また、グンゼの匿名技術者の発言と比べると違和感が出てくる。匿名技術者が発酵過程で異物が入らない工程と自信を持って発言しているのに、何故他の工程でサンプリングを行っていないのかである。


特許によれば培養タンクは空気以外のガスで満たされていることになっている。ゆえに青カビなどが入る余地はない、と言っている点は理解できる。しかし、このタンクに投入する紅麹原料の品質管理について放送では語られなかった。


数人の専門家がこの事件について語っていたが、やや残念だったのはグンゼの特許について言及していなかった点である。当方が特許を調べたきっかけは、他の紅麹製造者が30日で発酵を終えるところを小林製薬は50日かけているところに疑問を持ったからである。


ニュースに報じられた専門家の意見として発酵時間が長いので異物が入るリスクが高い、という意見が早くから出されていた。恐らく匿名技術者もこの専門家の意見の存在を知っていて、発酵段階では絶対にありえないとしたのだろう。


特許を読むと、もし窒素ガスを循環させていたとしたならば他の製造法に比べれば異物の入るリスクは激減する。それゆえ粉砕工程以降と科学的な推論を匿名技術者は展開されたのだろうと想像している。


この問題は、報じられている内容から品質管理技術が稚拙だったために起きたと予想されるが、驚くのは、今回のような問題のある品質管理を行っているところが多いようだ。

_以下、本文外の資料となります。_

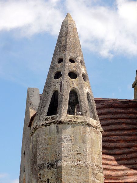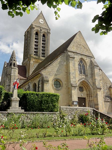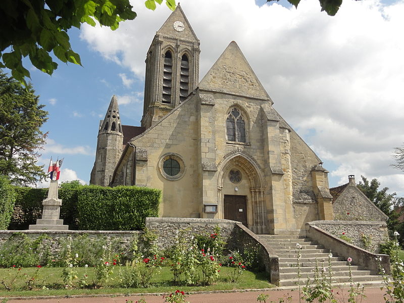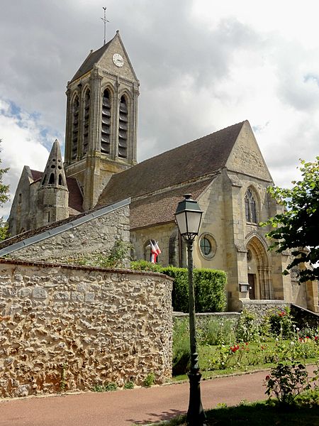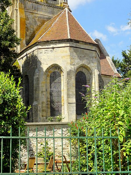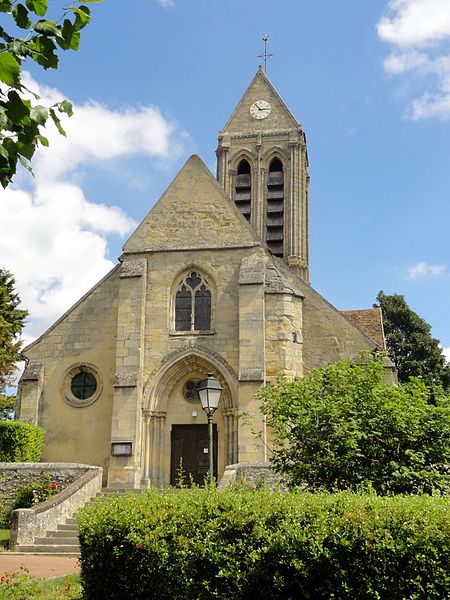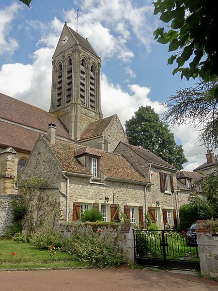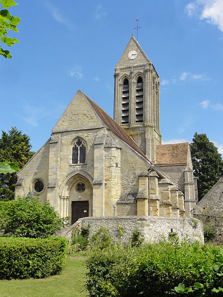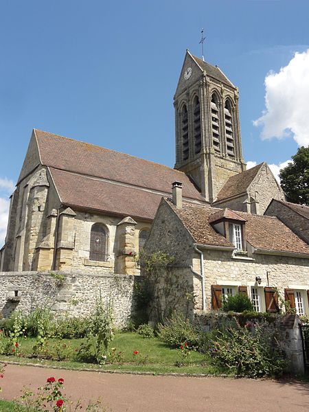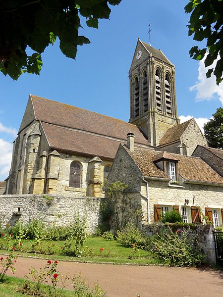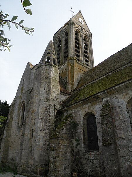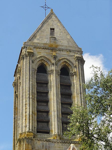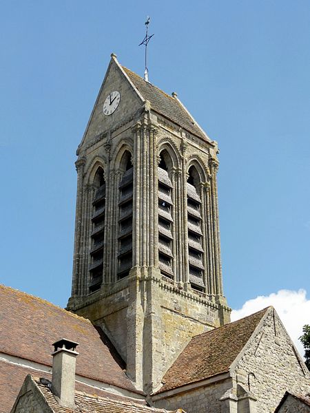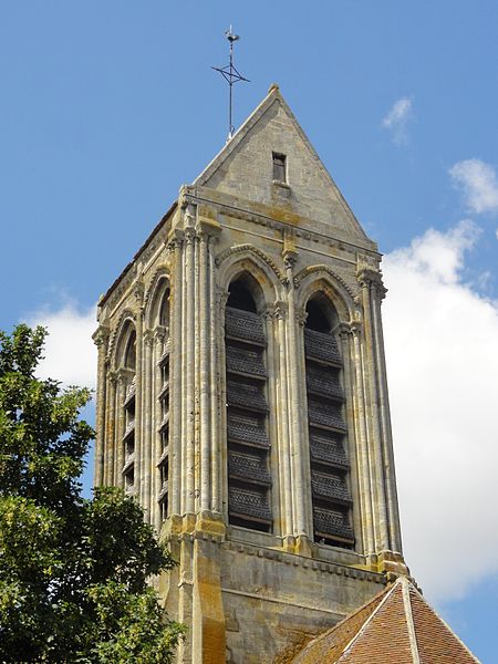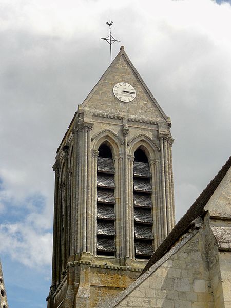 Le clocher est l'élément le plus remarquable : son étage élevé offre sur chaque face deux baies gémelées en arc brisé encadrées et divisées par de fines colonnettes au nombre total de vingt-huit, des archivoltes à double colonnettes, un cordon en dents de scie et une corniche de corbeaux; il est considéré comme l'apogée de l'art gothique dans le Vexin local. Ce clocher a cependant posé des problèmes de stabilité, d'où la pose d'un contrefort biais au sud-est et la construction d'un arc de décharge dans le mur occidental du croisillon sud.

また、それに気がついていない企業もあるようだ。いろいろヒアリングを行って日本の品質管理技術の問題に気がついた。


品質管理技術や品質工学は弊社の得意領域であり、特にタグチメソッドはPythonを使い分かり易くご指導しております。お問い合わせください。

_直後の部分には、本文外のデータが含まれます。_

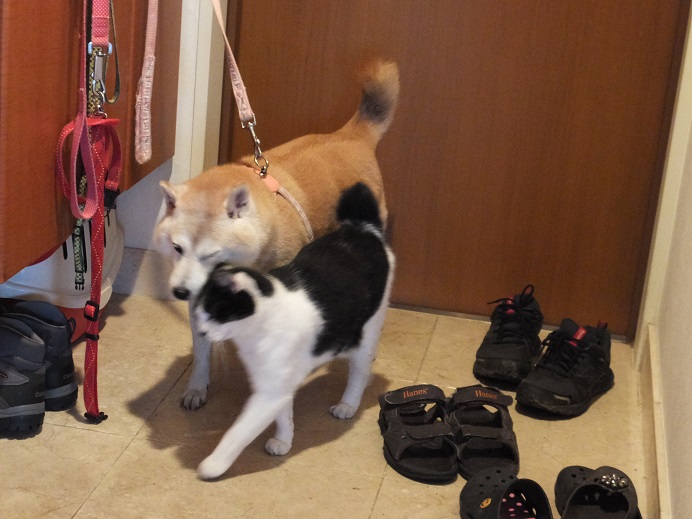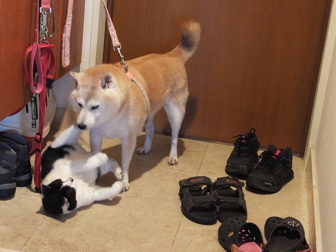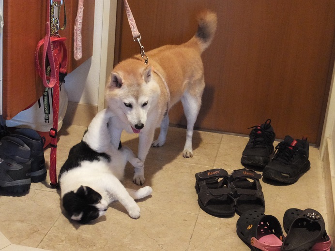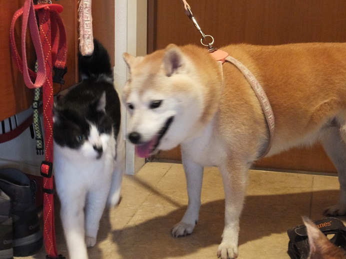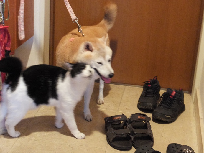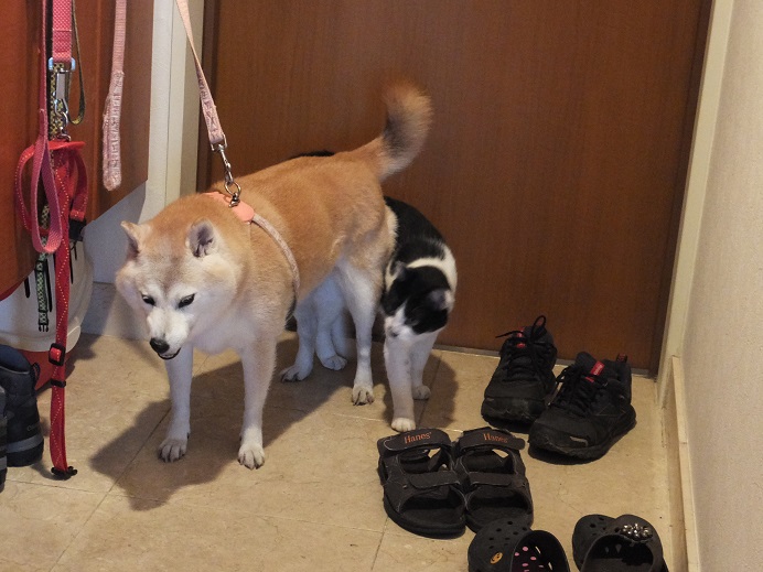 散歩から戻ると、「んも~待ってたにゃー」と

また、本紅麹製造技術についてご相談されたい方もお問い合わせください。今回の問題でかなり勉強をさせていただきました。


(注)小林製薬は、工場の移転を行っており、移転の理由がこの匿名者の見解にあったとすると、これまでの小林製薬の対応は不誠実である。推定が入るので詳細は述べないが、すでに死者が出ているので工場移転理由のすべてを公開すべきである。